§ TASK ITEM: Without the pictures, set down everything in the listing exactly.

§ STORED DATA:
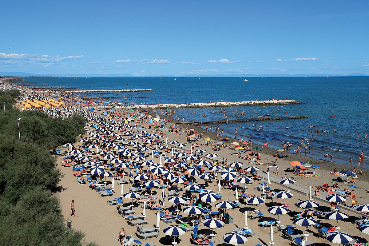 Ale pojďme již k tomu pro většinu z Vás podstatnějšímu, tedy k plážím, infrastruktuře a ubytování. Místní neobyčejně krásná pláž je tvořena jemným zlatavým pískem, pozvolna se sklání k mořské hladině a ve večerních hodinách neodolatelně láká k pozorování romantických západů slunce. Zcela uchvacující je ale i rušné „lungomare“, pobřežní promenáda zdobená sochami umělců z mnoha zemí, kterou si prostě nemůže nechat ujít žádný z místních rekreantů. Nadmíru pestrá je ale i předkládaná paleta zábavy a sportu, ze které zmiňme alespoň opravdu vydařený vodní park Aquafollie. Přibližně 10 kilometrů dlouhé letovisko se rozděluje do několika, místní autobusovou dopravou vzájemně propojených částí – Ponente, Levante (centrum Caorle), Porto S. Margherita, nově vybudovaná část Altanea a Duna Verde.
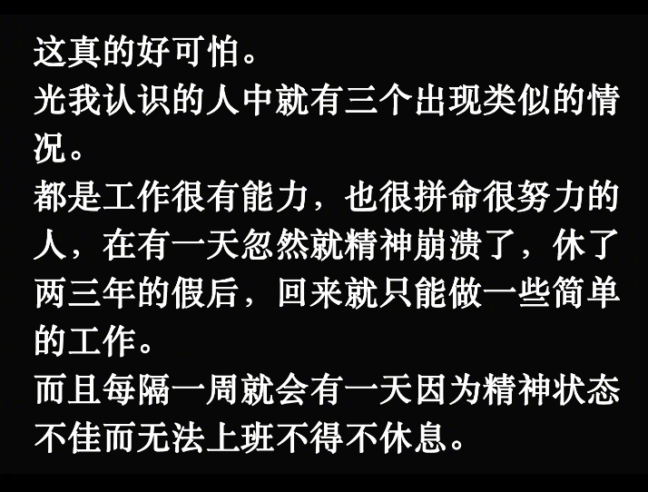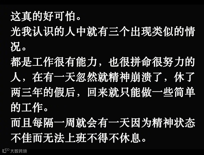 它描述了一种特殊现象:“周围一些工作很有能力,也很拼命努力的人,在经历‘间隔年(Gap year)’后,再次回到职场就只能做一些简单的工作,而且每隔一周就会有一天不得不因为精神状态不佳而无法上班休息”。
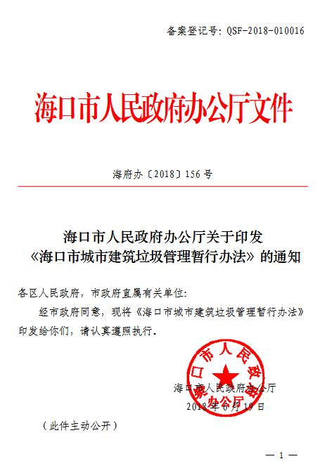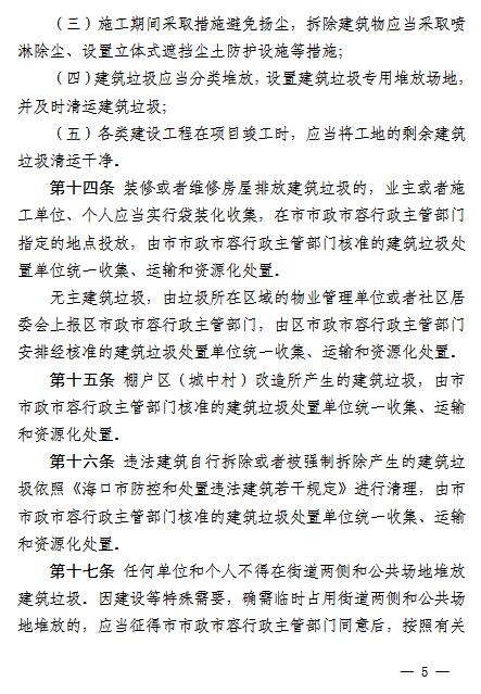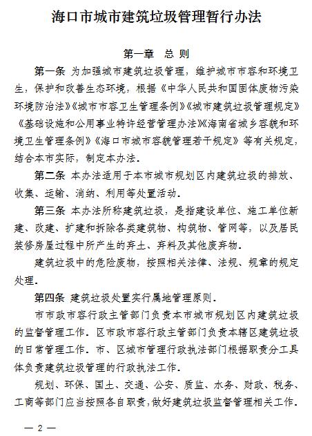 日前???/a>市人民政府辦公廳印發(fā)《海口市城市建筑垃圾管理暫行辦法》(以下簡稱《辦法》),明確要求對建筑垃圾處置實行特許經(jīng)營管理,企業(yè)或個人如果違規(guī)處置將受處罰。《辦法》從今年9月1日起施行,有效期兩年。
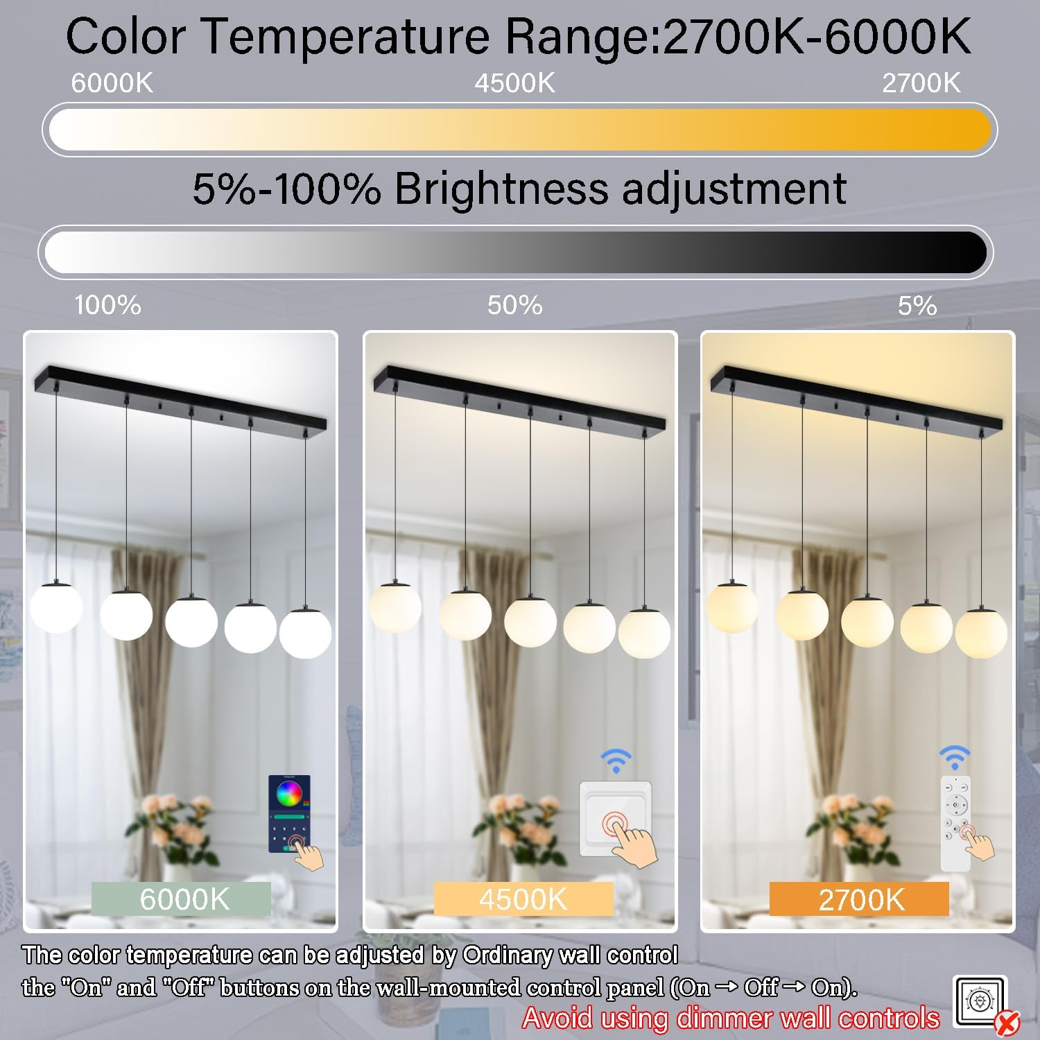 • 【Smart LED Linear Chandelier 】It is equipped with a remote control and APP control for seamless dimming between warm white (2700K) and cold white (6000K), as well as adjustable brightness ranging from 5 to 100 percent.

§ ANSWER BOX:
 Ale pojďme již k tomu pro většinu z Vás podstatnějšímu, tedy k plážím, infrastruktuře a ubytování. Místní neobyčejně krásná pláž je tvořena jemným zlatavým pískem, pozvolna se sklání k mořské hladině a ve večerních hodinách neodolatelně láká k pozorování romantických západů slunce. Zcela uchvacující je ale i rušné „lungomare“, pobřežní promenáda zdobená sochami umělců z mnoha zemí, kterou si prostě nemůže nechat ujít žádný z místních rekreantů. Nadmíru pestrá je ale i předkládaná paleta zábavy a sportu, ze které zmiňme alespoň opravdu vydařený vodní park Aquafollie. Přibližně 10 kilometrů dlouhé letovisko se rozděluje do několika, místní autobusovou dopravou vzájemně propojených částí – Ponente, Levante (centrum Caorle), Porto S. Margherita, nově vybudovaná část Altanea a Duna Verde.
 它描述了一种特殊现象:“周围一些工作很有能力,也很拼命努力的人,在经历‘间隔年(Gap year)’后,再次回到职场就只能做一些简单的工作,而且每隔一周就会有一天不得不因为精神状态不佳而无法上班休息”。
 日前???/a>市人民政府辦公廳印發(fā)《海口市城市建筑垃圾管理暫行辦法》(以下簡稱《辦法》),明確要求對建筑垃圾處置實行特許經(jīng)營管理,企業(yè)或個人如果違規(guī)處置將受處罰。《辦法》從今年9月1日起施行,有效期兩年。
 • 【Smart LED Linear Chandelier 】It is equipped with a remote control and APP control for seamless dimming between warm white (2700K) and cold white (6000K), as well as adjustable brightness ranging from 5 to 100 percent.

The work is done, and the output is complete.